(Information provided begins)
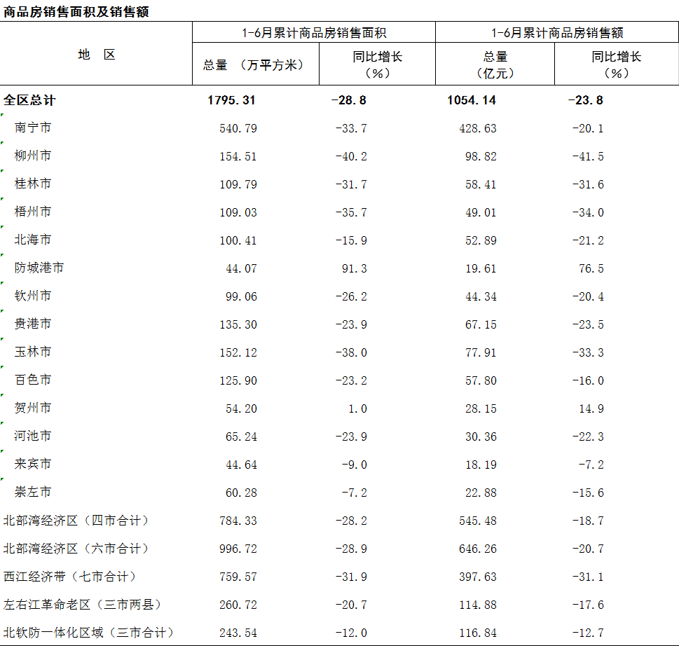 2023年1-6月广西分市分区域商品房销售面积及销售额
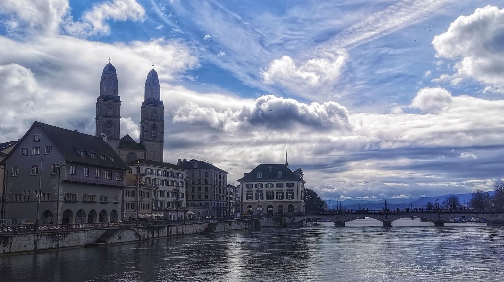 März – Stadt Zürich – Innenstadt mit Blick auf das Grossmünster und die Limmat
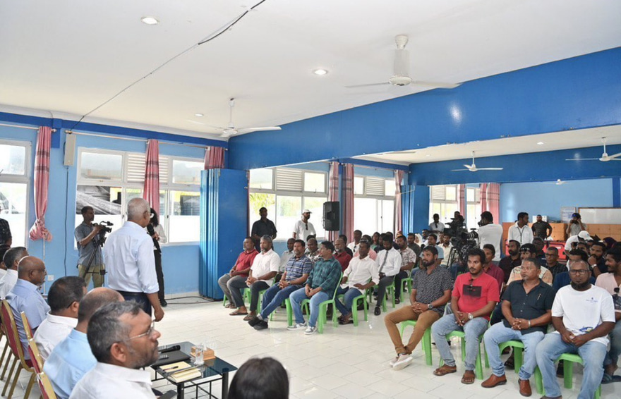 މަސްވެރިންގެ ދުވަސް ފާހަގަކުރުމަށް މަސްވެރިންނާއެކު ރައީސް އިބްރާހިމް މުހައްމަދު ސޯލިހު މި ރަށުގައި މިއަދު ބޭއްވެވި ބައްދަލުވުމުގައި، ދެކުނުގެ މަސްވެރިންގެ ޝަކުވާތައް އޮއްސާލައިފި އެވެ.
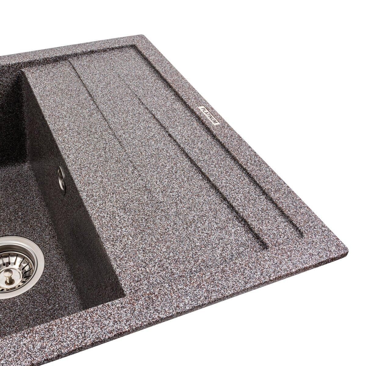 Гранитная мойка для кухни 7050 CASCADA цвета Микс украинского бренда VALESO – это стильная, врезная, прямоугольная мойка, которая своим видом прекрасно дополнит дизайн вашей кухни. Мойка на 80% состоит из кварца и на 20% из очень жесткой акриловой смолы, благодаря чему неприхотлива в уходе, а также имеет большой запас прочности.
(Information provided ends)
** Exercise brief **
Transcribe each line above verbatim, with the pictures left out.

** Task answer **
 2023年1-6月广西分市分区域商品房销售面积及销售额
 März – Stadt Zürich – Innenstadt mit Blick auf das Grossmünster und die Limmat
 މަސްވެރިންގެ ދުވަސް ފާހަގަކުރުމަށް މަސްވެރިންނާއެކު ރައީސް އިބްރާހިމް މުހައްމަދު ސޯލިހު މި ރަށުގައި މިއަދު ބޭއްވެވި ބައްދަލުވުމުގައި، ދެކުނުގެ މަސްވެރިންގެ ޝަކުވާތައް އޮއްސާލައިފި އެވެ.
 Гранитная мойка для кухни 7050 CASCADA цвета Микс украинского бренда VALESO – это стильная, врезная, прямоугольная мойка, которая своим видом прекрасно дополнит дизайн вашей кухни. Мойка на 80% состоит из кварца и на 20% из очень жесткой акриловой смолы, благодаря чему неприхотлива в уходе, а также имеет большой запас прочности.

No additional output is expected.